Gamma rays are used in medicine, the nuclear power industry, the military, scientific research, industry, and various consumer products. Gamma radiation is also important in the medical sciences. Ionizing radiation is more harmful to cells when they are dividing (replicating their DNA), and this has led to the use of gamma radiation for the treatment of cancer. The rapidly dividing cancer cells are more susceptible to the radiation than the healthy cells and are destroyed selectively without the need for surgery.
Molecules that contain very short-lived isotopes are used as tracers to study the distribution of the molecules within the body. Due to the sensitivity with which radiation is detected, only minute quantities of the chemical are required. This information is used for both diagnostic and research purposes. For example, it has enabled the three dimensional imaging of the brain as a function of particular stimuli.
Military uses of materials and processes that emit X-radiation and gamma radiation include the production of materials for nuclear weapons and the testing and use of nuclear weapons. In 1945, atomic bombs were detonated over Hiroshima and Nagasaki, Japan. Between 1945 and 1980, nuclear weapons were tested in the atmosphere of the Northern Hemisphere; during the most intense period of testing, from 1952 to 1962, about 520 tests were carried out. Several industrial processes use ionizing radiation.
Industrial radiography uses gamma radiation to examine welded joints in structures. In the oil industry, gamma radiation or neutron sources are used to determine the geological structures in a bore hole (a process called “well logging”). Ionizing radiation is also used to sterilize products and irradiate foods (to kill bacteria and parasites). Biological damage by ionizing radiation is related to dose and dose rate, which may affect the probability that cancer will occur.
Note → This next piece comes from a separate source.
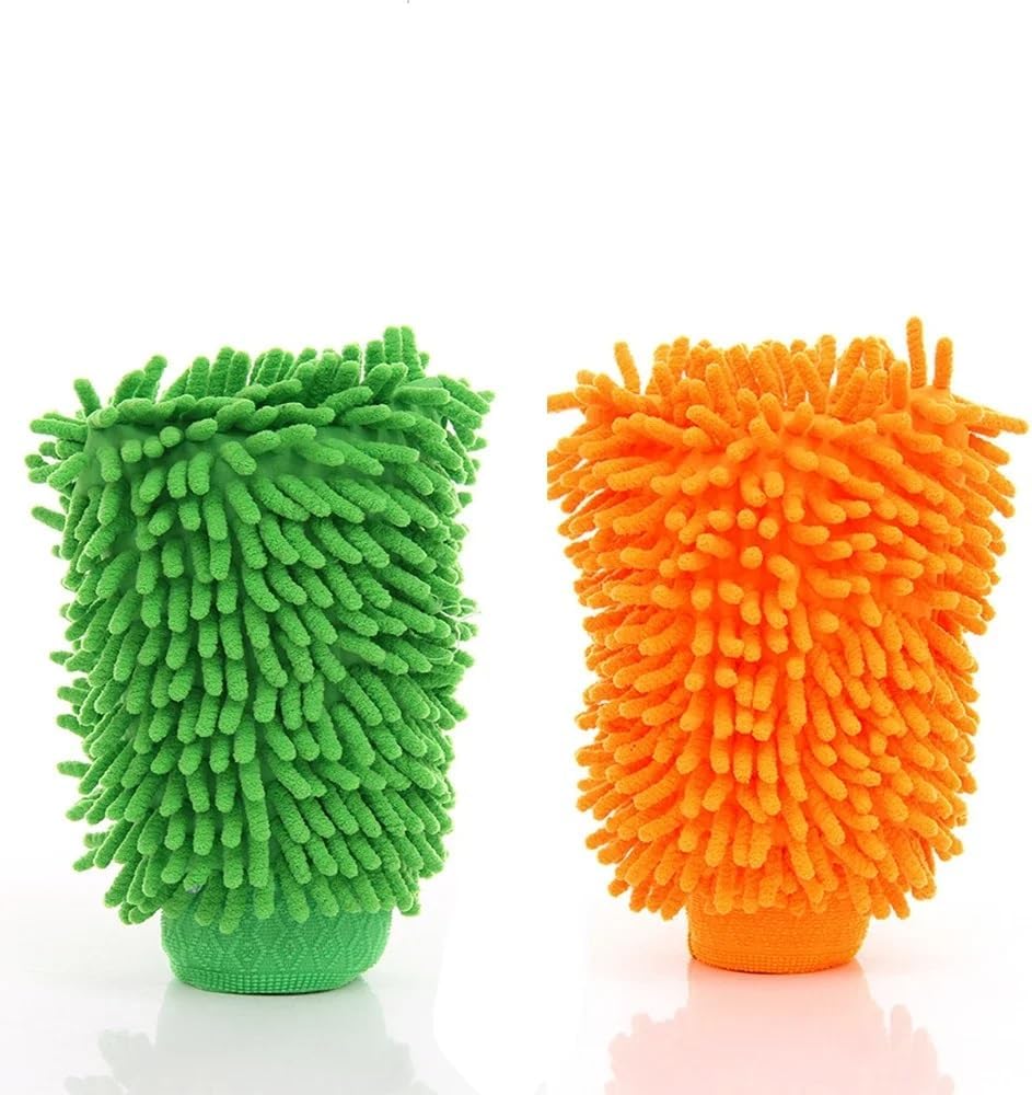 1/2/6Pcs Microfiber Car Wash Gloves Chenille Car Mitt Cleaning Tool Car Detailing Thick Car Care Detailing Brushes Washer Sponge Orange 2Pcs

Radiation dose is a measure of the amount of energy deposited per unit mass of tissue and may be expressed as the absorbed dose, equivalent dose, or effective dose. The standard unit for absorbed dose is the gray, which is equal to 1 J/kg of deposited energy. The absorbed dose formerly was expressed in rads (1 Gy = 100 rads). The biological effect of high-LET radiation is greater than that of low-LET radiation at the same absorbed dose; therefore, a dose measurement independent of radiation type was derived to reflect the biological effectiveness of radiation in causing tissue damage.